Ansuja et al. developed hyaluronic acid-stabilized PBNPs (HAPB), enhancing the stability of nanoparticles and the uptake of inflammatory macrophages [62]. In mice models of peritonitis, the nanoparticles demonstrated strong peroxide-scavenging efficiency and decreased infiltration of inflammatory immune cells. HAPB nanoparticles decreased the number of M1 inflammatory macrophages but increased the amount of M2 anti-inflammatory markers. As a result, more research is required in the role of ROS in producing M1 macrophage markers and other variables that restrict the development of M2 macrophage markers. In conclusion, HAPB nanoparticles have high potential for therapeutic use in the treatment of inflammatory disorders caused by hydrogen peroxide.
Published data show that there are many prospects of PB for the treatment of inflammation. However, nano-enzyme drug research is not mature, now rarely used in clinical trials. In order to overcome this defect, eventually it asks for medical researchers to further accumulate data with the goal of applying PBzyme in clinical settings.
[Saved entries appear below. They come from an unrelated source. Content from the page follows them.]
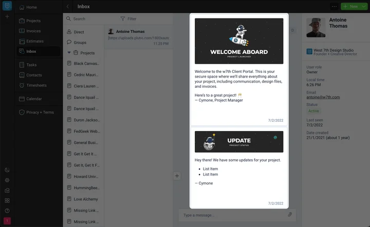 Antoine Thomas, founder of West 7th Design Studio, shares how he reduced client support calls by 90% and saved 15 hours per week using Plutio dashboards, automation, and integrated communication.
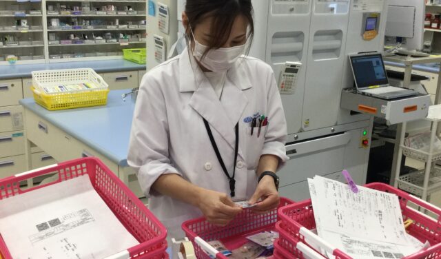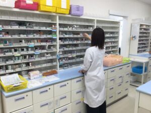 その後は患者様の対応がメインとなり、受付・入力・ピッキング・分包・お会計などを行います。
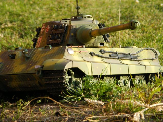 I bought one of the later Matorro King Tigers earlier this year, they have certainly improved the paint scheme from the earlier versions shown in Blake's pictures. As they have done such a good job with the zimmerit and detailing It is a shame Matorro have not done anything to address the most obvious issues with what is otherwise a well detailed tank, these being the tank sits too low, the gearbox bulge, the weak motors and gearboxes and the gaps in the turret front. The gearbox/motor issue and the turret gaps are sorted easily, the suspension is not so easy, I have only seen one build which sorted the suspension without resorting to a new lower hull (http://hobbyhavoc.com/forum/index.php?topic=124.15" onclick="window.open(this.href);return false;), he did a nice job on this. The bulge isn't really noticeable when you are driving the tank around unless you are looking at it from ground level so I haven't got around to doing anything about it yet. So far I have only changed the gearboxes for the Mato ones, I don't want to go down the route of changing the lower hull so may have a go at the suspension method in the link above. Despite the issues I really like this tank, it has proved to be a solid, reliable performer after the gearbox swap, the electronics have been fine, although I have to say the engine running sound could do with being louder, but at least it doesn't sound like a Russian diesel tank!
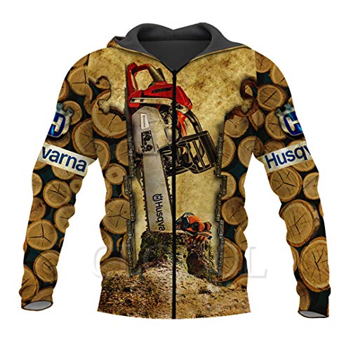 TN-KENSLY Incredibile Motosega con Cappuccio Felpa con Cerniera Cappotto 3D Stampa Girocollo Pullover Manica Lunga Top Sweatshirt 2 5XL
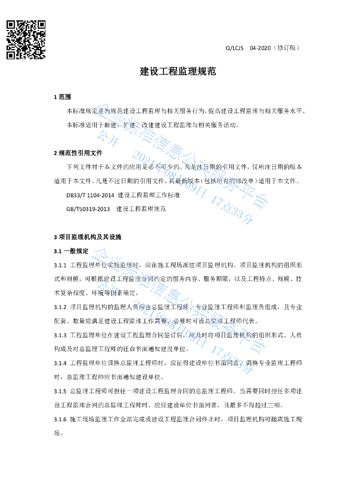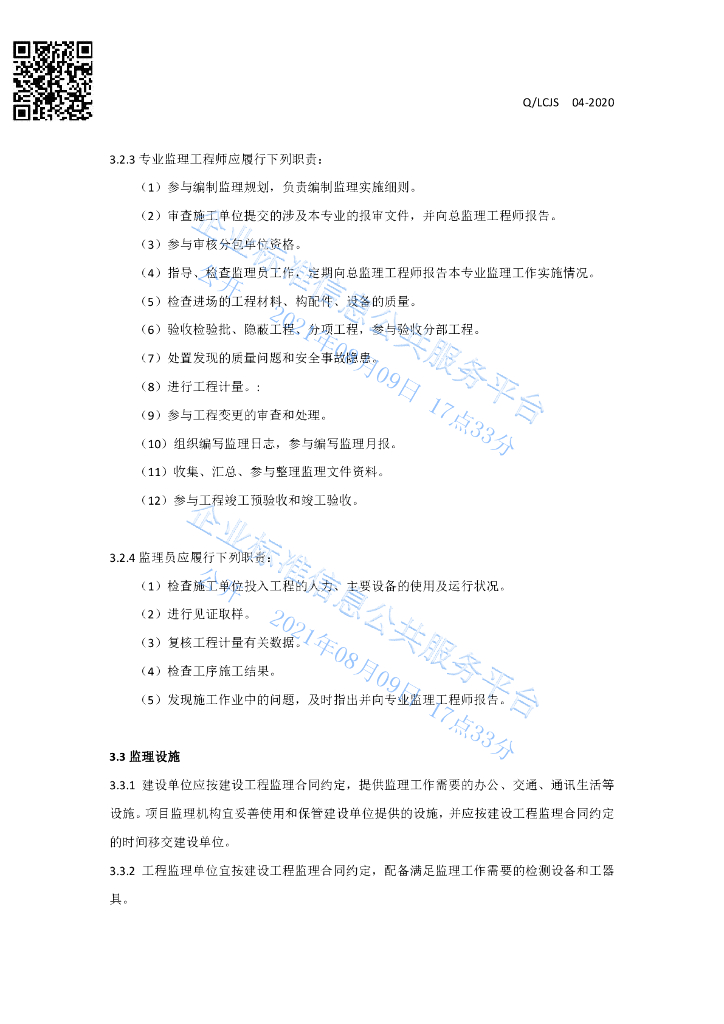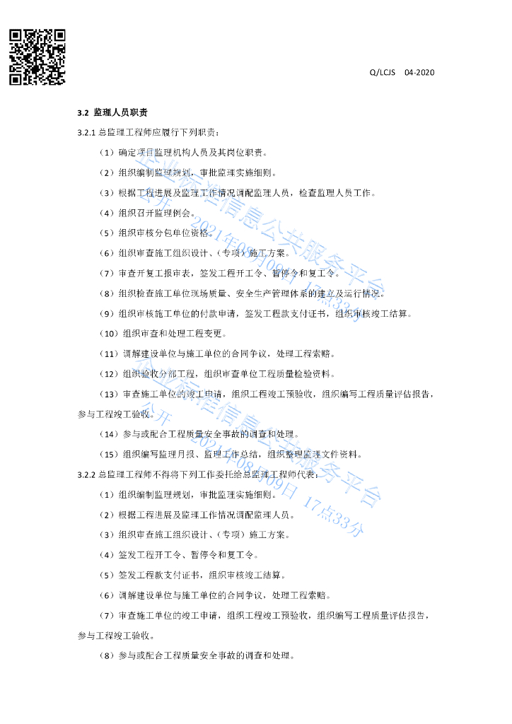 Q/LCJS 04-2020(修订版) 建设工程监理规范

3.2. Anti-bacteria and Promote Wound Healing

Bacterial infections have long been a vexing medical problem and a huge economic burden. It is of great significance to construct a multi-functional bacterial care point detection (POCT) and elimination platform efficiently. Typically, hydrogels or polymer-based materials are used to deliver drugs or various growth factors to promote wound healing and skin tissue regeneration [63]. In recent years, a variety of inorganic nanomaterials and nanotechnology-driven treatment methods have attracted wide attention in skin wound healing, and the repair effect of PBzyme on skin tissue has gradually entered the field of vision of researchers.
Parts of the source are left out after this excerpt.